- Born: 14 December 1811 London, England
- Died: c. 1848
- Branch: Royal Navy
- Rank: Commander (Royal Navy)
- Known for: Franklin's lost expedition

= Edward Little (Royal Navy officer) =

19th-century Royal Navy officer

Edward Little (14 December 1811 – c. 1848) was a British Royal Navy officer. He first served as a Lieutenant aboard HMS Donegal. During his career he also served aboard HMS Vindictive where he first met Sir John Franklin. He volunteered to serve on the Franklin Expedition where he served under Captain Francis Crozier. The expedition's mission was to find the Northwest Passage which could make for a new sea route to China.

== Early life ==
Edward Little was born 14 December 1811 in London, England. He was the son of Simon Little, who served as a Clerk aboard HMS Audacious. Little was baptized on 12 January 1812 at the St. Mary's Church in the parish of Hornsey. He was described as being 5' 9", with a fair complexion, hazel eyes, brown hair, and no noticeable scars or other marks.

== Naval service ==
Little joined the Royal Navy on 3 June 1826, at the age of fifteen years old. He first served as Volunteer aboard HMS Forte. In 1834, Little passed his Lieutenancy examination. He was promoted to the position of Lieutenant on the 30 December 1837 and the same day he started his service aboard HMS Donegal. He served on it for three years before he left. Then he spent one year aboard HMS Britannia.

After this appointment he started his service aboard HMS Vindictive on 6 May 1842. During his time aboard HMS Vindictive, Little met Sir John Franklin and his wife when they visited the ship. A party was hosted by the crew during which Little and Lieutenant Stewart were explaining the different objects of the party.
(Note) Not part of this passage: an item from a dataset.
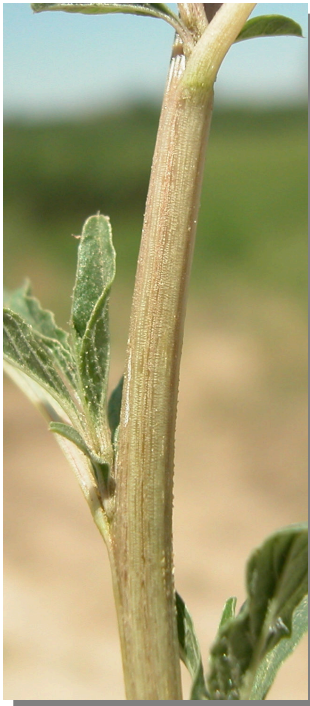
A. muricatus . Detalle del tallo

When the French captured Tahiti, HMS Vindictive was sent there for diplomatic reasons. Captain Toup Nicolas sent Little and Lieutenant Hill on a small schooner to the West Indies because the situation on Tahiti became more complicated. The route meant that they had to walk overland at Panama. His service aboard HMS Vindictive officially ended when he arrived back to England. After a short discharge he served aboard HMS Victory and HMS Albion.

== Franklin Expedition ==
Little signed up for HMS Terror on 4 March 1845, just a few weeks before the expedition set sail. In one of his letters Crozier described Little as "really a very superior fellow." During this time he was promoted in absentia to the rank of Commander by the Admiralty on 9 November 1846.
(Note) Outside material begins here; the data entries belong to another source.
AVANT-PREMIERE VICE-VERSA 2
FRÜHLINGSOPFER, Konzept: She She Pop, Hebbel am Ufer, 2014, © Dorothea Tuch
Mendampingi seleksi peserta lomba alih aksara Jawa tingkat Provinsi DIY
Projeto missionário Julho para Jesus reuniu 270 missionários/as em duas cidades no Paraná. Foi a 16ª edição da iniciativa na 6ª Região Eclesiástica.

All of the crew members were officially declared dead in the March of 1854. No remains or personal belongings have been identified as belonging to Little.

==Legacy==
Little Point on the western side of King William Island was named after him. Southeast from this location were found 23 human bones, belonging to at least two individuals. Explorer William Penny named Little Cape located on Dundas Island in Wellington Channel, in memory of Edward Little.